In a profile in the FT, Pensions Minister Steve Webb is described as “one of the Coalition’s most hyperactive lieutenants”.
Now Steve is highly efficient and has achieved a huge amount since he took on the role four years ago, but he is also unflappable and “hyperactive” is not a term I would normally use about him. And whilst the term “lieutenant” usually refers to someone who is second in command, which is technically correct for a Junior Minister, no-one in Government beats his deep knowledge of his subject.
That cavil apart, the FT challenges Steve Webb about the potential risks in the reforms to the pensions regulations, which will allow savers in defined contribution schemes to cash in their pension pots from April 2015.
He says:
The day the chancellor stood up it was clear that we didn’t have a huge amount of time.
We know that. So we do a 12-week consultation and then people say to us, ‘We want a decision. Why haven’t you decided this? And why don’t you tell us where we stand?’ That’s because we are consulting.
We have to have capacity in place on April 6 [2015] but that won’t be the end of the story. It will evolve and we’ll learn new things. We’ll try a new model. This is a process.
One focus of concern is the level of face-to-face guidance that will be promised to pensioners. Steve concedes that ‘face to face’ does not necessarily have to be ‘one to one’ and that group conversations could also play a role where people have common questions.
Later in the interview Steve says:
You won’t be surprised to learn I’m a great fan of the triple lock and I’m delighted that the prime minister said that he thinks it should go on into the next parliament.
He says he is pushing for a flat-rate tax relief on pensions contributions of 30 per cent.
Finally he comments on his proposals for collective pension plans which were flagged in the Queen’s Speech. So far no employers have expressed an interest in adopting them, but he thinks they will come on board once they have examined the details. Savers in ‘gold plated final salary schemes’ will probably be the first to be switched into the new schemes.
Note that although FT lies behind a paywall, you can either sign up for 8 free articles per month, or answer some marketing questions to gain access. You can read the full article here.
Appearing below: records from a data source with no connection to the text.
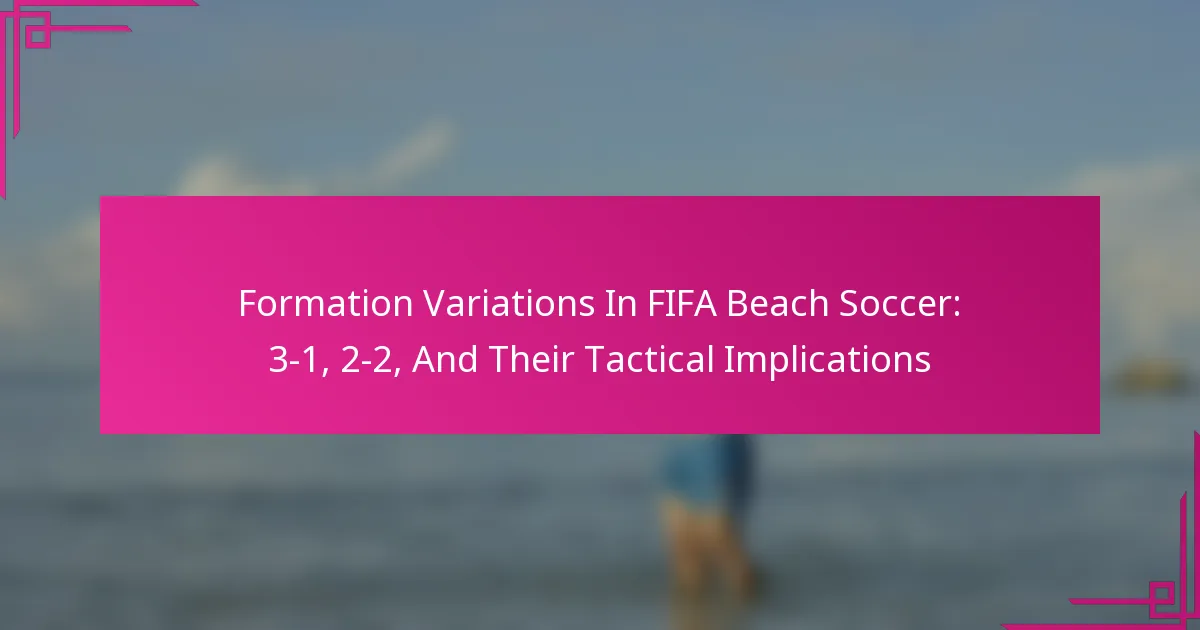 The 3-1 and 2-2 formations are common tactical setups in beach soccer, each offering distinct advantages based on team strengths and match situations. The 3-1 formation emphasizes a strong defense with one player supporting the attack, while the 2-2 formation balances offensive and defensive responsibilities among players.
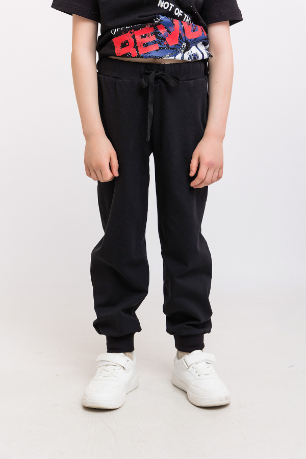 Стильные и практичные брюки для мальчика в спортивном дизайне. Удобный крой – свободный силуэт не сковывает движения. Практичный черный цвет сочетается с любой одеждой. Регулируемый пояс на резинке со шнурком. Практичные манжеты – низ штанин на резинке для удобства. Подходит для школы, прогулок и активных игр.
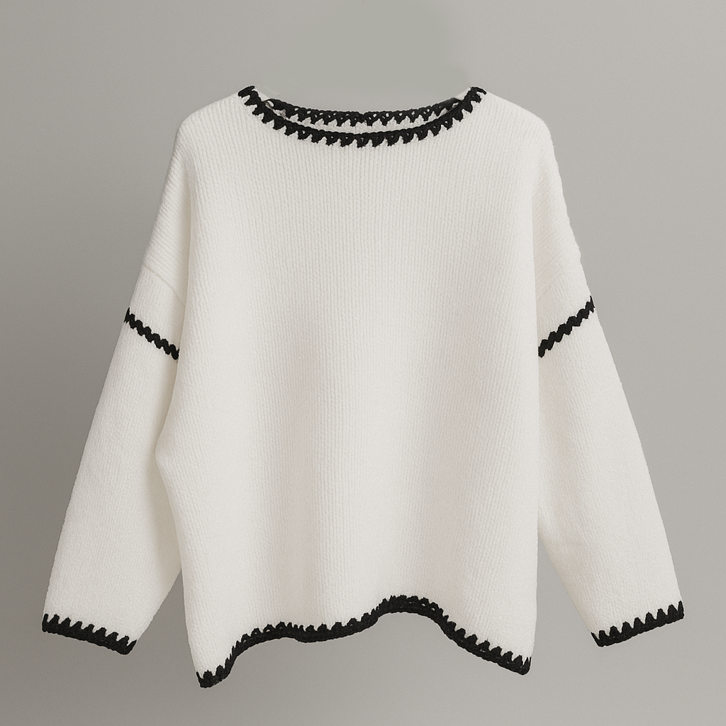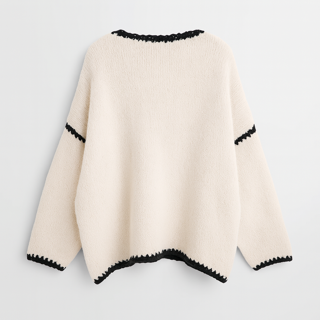 De ontspannen snit met licht verlaagde schouders garandeert bewegingsvrijheid en een moderne uitstraling, terwijl de fijne, contrasterende crèmekleurige rand een stijlvolle accent toevoegt. Een veelzijdige must-have die zowel met jeans als rokken harmonieert en altijd een elegante casual uitstraling heeft.
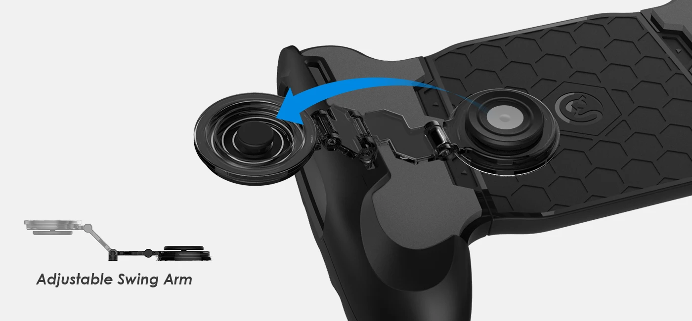 Джойстик интегрирует поворотный рычаг, который может поворачиваться на 180 ° и может быть нажат или сложен. Вы можете сложить или вставить его обратно на экран смартфона в любое время. Очень гибкий поворотный рычаг может гарантировать, что джойстик надежно закреплен на мобильных телефонах различной толщины, чтобы предотвратить потерю. Поворотный рычаг может быть легко разобран на три части, и двойной или одиночный режим джойстика может быть изменен по мере необходимости, обеспечивая полную гибкость для вашего стиля игры.

* Mary Reid is a contributing editor on Lib Dem Voice. She was a councillor in Kingston upon Thames, where she is still very active with the local party, and is the Hon President of Kingston Lib Dems.
4 Comments
Why do Lib Dems keep telling us how generous the “triple lock” is, when in fact the switch to CPI means that last year’s triple-locked increase was actually less than it would have been if the government had retained Labour’s RPI-linked increase?
It’s hard to think of any other policy that has been so blatantly mis-sold as an act of generosity while making people worse off.
Hi Stuart, the RPI used to overstate inflation because it used the “arithmetic mean”, rather than the “geometric mean”. This is a problem because if prices go up by 5% one year and then down by 5% the next the arithmetic mean would show an average rate of inflation of 0% over two years, whereas in fact there has actually been a bit of deflation because 5% of the amount in year two is bigger than the amount in year one!
Having said that, I have my criticisms of CPI and in the way the pension reforms were announced, but the move from RPI to CPI wasn’t simply a way to sneakily save a bit of money!
🙂
Hmm, my explanation is a bit simplistic, but I had to calculate inflation once and a CPI-esque method made more sense given the data I received – you can’t just add up all the increases and divide by the number of periods because of compound interest. I’m not sure what data they are receiving.
Regards
@Eddie
Thanks for that, it’s very interesting. The government certainly thinks it can save money by using CPI rather than RPI though. In its first budget in June 2010, it estimated that changing the upgrading measure for benefits to CPI would save around £5bn pa by this year, with the figure going up each year thereafter.